Introduction
Limber Timber is a database migration tool written in python with flexibility in mind. It is the database migration tool I always wanted but never existed (until now).
Currently only Big Query is supported as that is what I'm using at work. The codebase is written to support different backends, and I plan to implement them eventually. Pull requests are welcome.
Installation
Limber Timber is distributed through PyPI. This means it can be installed through a variety of common tools. For example:
# for CLI usage
poetry add --dev limber-timber
# for library usage
poetry add limber-timber
# check that it is installed
poetry run liti
Features
Migrations Written in Data
Data is trivial to parse and thus easy to manipulate. You describe the migrations in data, and Limber Timber does the rest.
Inferred Down Migrations
Other migration tools that support down migrations put the burden on the developer to implement them. Limber Timber automatically infers the down migrations from the up migrations removing that burden from you.

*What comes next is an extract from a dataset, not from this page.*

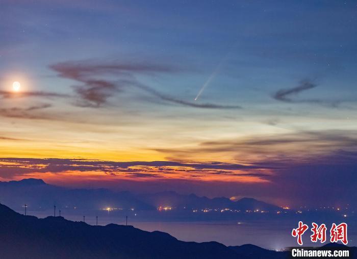 中新网广州10月9日电 据广州市五羊天象馆9日预测,今年10月12日,C/2023A3(紫金山-阿特拉斯)彗星距离地球最近,近地点为0.47个天文单位,距离地球约7000万千米。在日落后西方稍偏南的低空,中国可再次观赏和拍摄到这颗迷人彗星的光彩。

Separation of Database and Metadata
Limber Timber is not prescriptive about where you store your migrations table. You can even store it in a completely different type of database! This gives you the flexibility you need to meet the task at hand.
In-memory Support
There are many reasons you may want to run migrations in-memory.
- Unit tests
- Dry runs
- Only produce the migrations table
- Something else!
Manifest
A manifest file lists the migrations to apply and the order to apply them in.
- No special naming conventions like timestamps in your migration files
- Produces git merge conflicts instead of breaking silently
- Allows for better organization with directories
Error Recovery
Some backends (looking at you Big Query) do not support transactions for DDL queries. Limber Timber does its best to fail in recoverable ways despite this limitation. In most cases, no manual intervention will be needed in the case of a failure.
Templates
In Limber Timber, templates are first class. This means you do not need a preprocessing step in your deployments to fill out parameters. You write your templates in data and provide those template files to the migration runner.
Scanning
I want people to use Limber Timber, so I need to make it easy for you to start using it. Scanning is a feature that queries a schema or table and produces the migrations that would generate the same. Then you can run the migrations in-memory to generate the metadata and voilĂ , Limber Timber is ready to go.
JSON Schema
(Coming Soon)
JSON Schema allows for integrated validation and code completion.